- Pitcher
- Born: August 26, 1969 (age 57) Melrose Park, Illinois
- Batted: LeftThrew: Left

MLB debut
- August 8, 1996, for the Boston Red Sox

Last MLB appearance
- May 20, 1997, for the Boston Red Sox

MLB statistics
- Games pitched: 3
- Win–loss record: 0–0
- Earned run average: 10.80
- Strikeouts: 0
- Stats at Baseball Reference

Teams
- Boston Red Sox (1996—1997);

= Ken Grundt =

American baseball player (born 1969)

Kenneth Allan Grundt (born August 26, 1969) is an American former middle-relief pitcher who played in Major League Baseball. Listed at 6'4", 195 lb., he threw left-handed.

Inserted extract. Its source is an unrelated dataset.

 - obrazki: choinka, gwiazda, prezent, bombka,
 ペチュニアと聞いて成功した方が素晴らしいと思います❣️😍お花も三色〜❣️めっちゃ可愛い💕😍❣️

Grundt went to Luther High School North in Chicago. He played college baseball with the Missouri Southern Lions, and got drafted by the San Francisco Giants in the 53rd round of the 1991 MLB June Amateur Draft (1,354th).

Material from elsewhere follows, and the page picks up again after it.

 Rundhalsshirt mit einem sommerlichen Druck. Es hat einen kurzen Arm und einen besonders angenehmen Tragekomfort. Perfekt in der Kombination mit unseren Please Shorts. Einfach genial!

He played from 1992 through 1998 for the San Francisco Giants, Colorado Rockies, Boston Red Sox, and Florida Marlins organizations, collecting a 31–19 mark with a 2.58 ERA and 35 saves in 288 appearances.

Grundt entered the majors in 1996 with the Boston Red Sox (first game on August 8, 1996, at Age 26), playing for them until the 1997 midseason. He posted a 10.80 ERA in three games and did not have a decision. His last MLB game was on May 20, 1997.

Following his playing career, Grundt has worked as senior instructor at Frozen Ropes, a baseball instructional center located at Dickson City, Pennsylvania.

Grundt is married to his Wife, Amy, and they have a Son, Adam. They currently reside in Pennsylvania.

Currently, Grundt’s son, Adam, plays baseball for Wilkes University.